Canadian pop rock band Marianas Trench has released five studio albums, three extended plays, 22 singles and 24 music videos. The band recorded and released their debut EP in 2002, entitled Marianas Trench containing 8 tracks.

On October 3, 2006, the band released their debut album, Fix Me. Its first single, "Say Anything" peaked at number three in the Canadian Singles Chart. It was followed by another two singles, "Decided to Break It" and "Shake Tramp".

On February 24, 2009, they released their second studio album, Masterpiece Theatre. The album debuted at number four on the Canadian Albums Chart and was certified platinum in Canada. The album released five singles, including the highest peaked single of the album, "All to Myself", which peaked at number 11. "All to Myself" and "Cross My Heart" were both certified 2× platinum, the highest certification the band ever received.

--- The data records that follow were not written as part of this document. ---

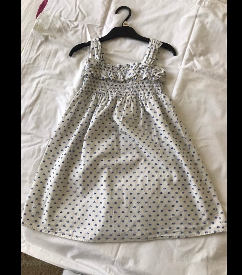 Pamuklu, kolsuz ve bol kesimli kız çocuk elbisesi, fırfır detaylı ve askısız yakaya sahip. Gri tie-dye deseni ve bohem tarzda.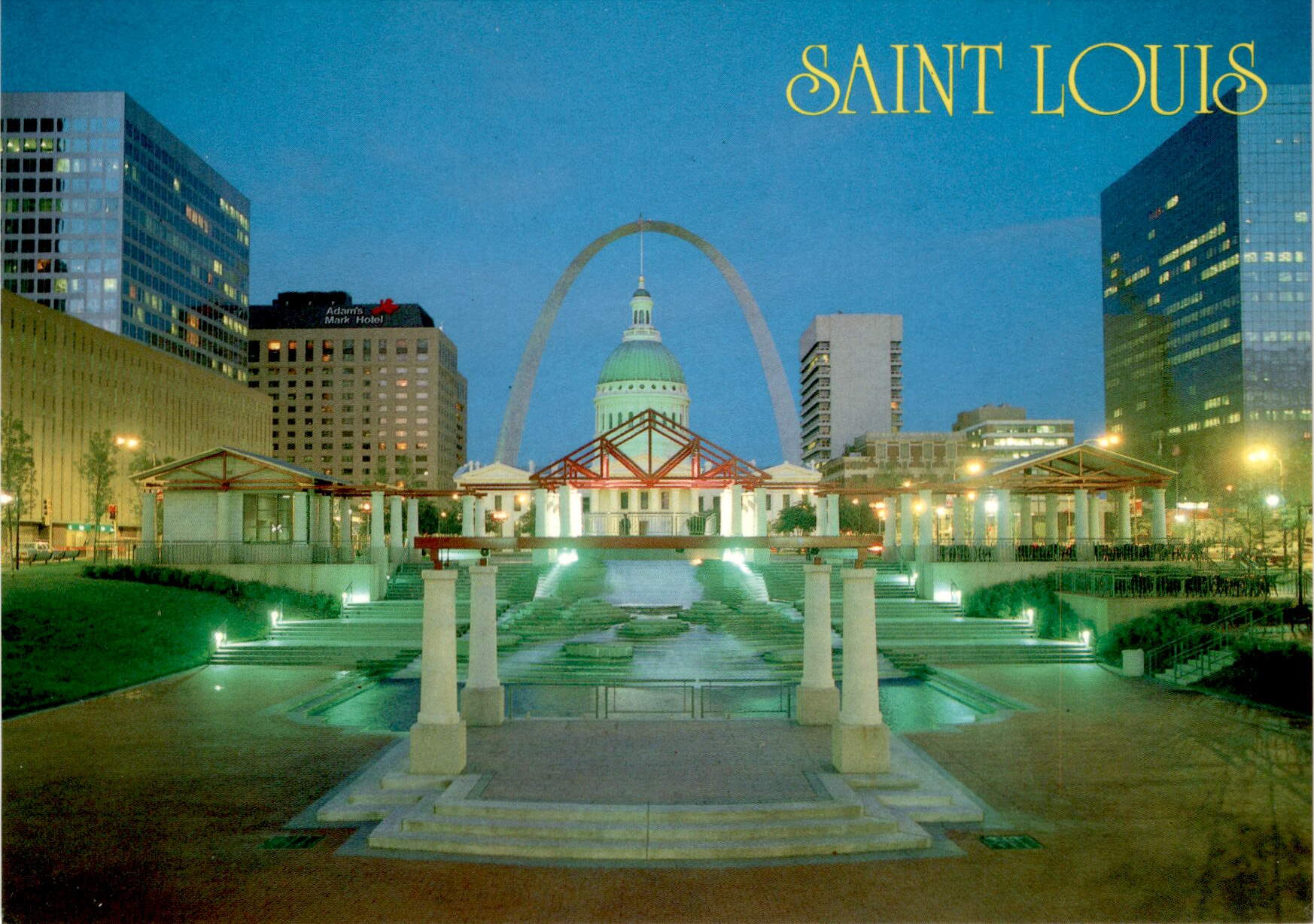 Postcard features photo of Saint Louis amphitheater and landmarks.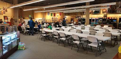 EDIT: Things have changed, now they have two locations in the Mall right near each other, one for the traditional board gamer one one for the miniatures and card game players. No more overcrowding, plenty of space with vintage arcade, pool tables, and collectibles....

The band's third studio album, Ever After, was released on November 21, 2011. The album peaked at number 8 in Canada but also charted in the US in Heatseekers Albums with a peak of number 5 and in Independent Albums with number 48. Its first single, "Haven't Had Enough", peaked at number 9 in Canada. Ever After also released another three singles, "Fallout", "Desperate Measures" and "Stutter".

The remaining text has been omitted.